Why would he reach for Wei Ying? His hand outstretched becomes a white, blurry shape. Lan Zhan blinks away tears and cannot tell if they are from anger or something else. He reaches out because the choice is between Wei Ying and ceasing to be the person who found breath that day in Gusu. The alternative is nonexistence, a return to a ghost of a life. That is no choice at all. He’d rather have Wei Ying and every howling spirit that comes with him.

Look at me, Lan Zhan would have said, if there was not so much noise and music and so many cries and screams of agony. I see you now like you saw me then. You are more than the sum of what has been done to you and the sum of laws you have broken. Not the evil Yiling Patriarch, not a ghost, a person.

Wei Ying is his other half and he is Wei Ying’s. Not reaching him is death, and so Lan Zhan runs along the spine of the palace with his heart beating madly. This is the only thing he can do for Wei Ying at this point. Everyone else has done so much to inflict pain and cause regret and fear until finally this righteous, frightening anger shows on Wei Ying’s face. All of it flows into the music from his flute. It would make the bravest warrior want to turn around and run away.

Lan Zhan, of course, does not turn around.

 

There is a law on the Wall in Gusu: Believe sincerely.

 

He believes in Wei Ying when he leaps from the roof into the midst of the battle as it all descends into chaos, Wei Ying tries and fails to find his brother and sister. Lan Zhan tries and fails to find the right laws to follow. His sword finds bodies and shadows and cuts clean through both.

 

There is a law on the Wall in Gusu: Love all beings.

 

Up until the final moment of Wei Ying’s life Lan Zhan still believes, deep down, in what he was taught. Some part of him can not let go of the idea that balance will always be restored. It must be enough, he thinks, running to the cliff, to be two halves of a whole. 
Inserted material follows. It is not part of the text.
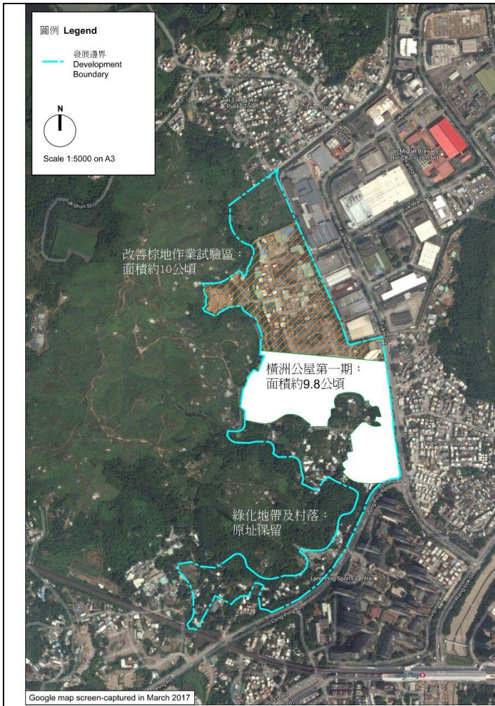
圖一：改善棕地作業試驗區

It turns out being two halves of a whole just makes one hand reaching and one hand slipping.

One voice begging and one voice asking the impossible.

One drop of blood following a body into the abyss.

One scream, echoing.

Silence.

Lan Zhan is nothing but the pain in his chest and the knowledge that he is just one person who cannot make up for the fact that entire armies cannot see Wei Ying, only the Yiling Patriarch in all his evil and wickedness.

So, the Patriarch must die.

The clans rejoice.


There is a law on the Wall in Gusu: Be mighty, and others will die for you.


Lan Zhan finds himself in the aftermath where everything is blurry again. He fights his way to a semblance of peace with his clan, a place of solitude where he can tend to his wounds. In the silent bamboo groves he keeps recalling past conversations, enjoying them more, and more bitterly, now that Wei Ying is gone. How wonderful it was to hear someone saying in so many ways you have a perspective worth hearing, so let’s have it; I bet you are more than they say you are, so let’s see it. What do you think?

There is a law: Do not grieve in excess.

Sitting in seclusion in a quiet house, Lan Zhan finds that no amount of grief is excessive. There can never be enough and thus never too much. It is as if he has become a ghost reliving a former life through memory to recall who he was. He does that without a Wall of Discipline to guide him.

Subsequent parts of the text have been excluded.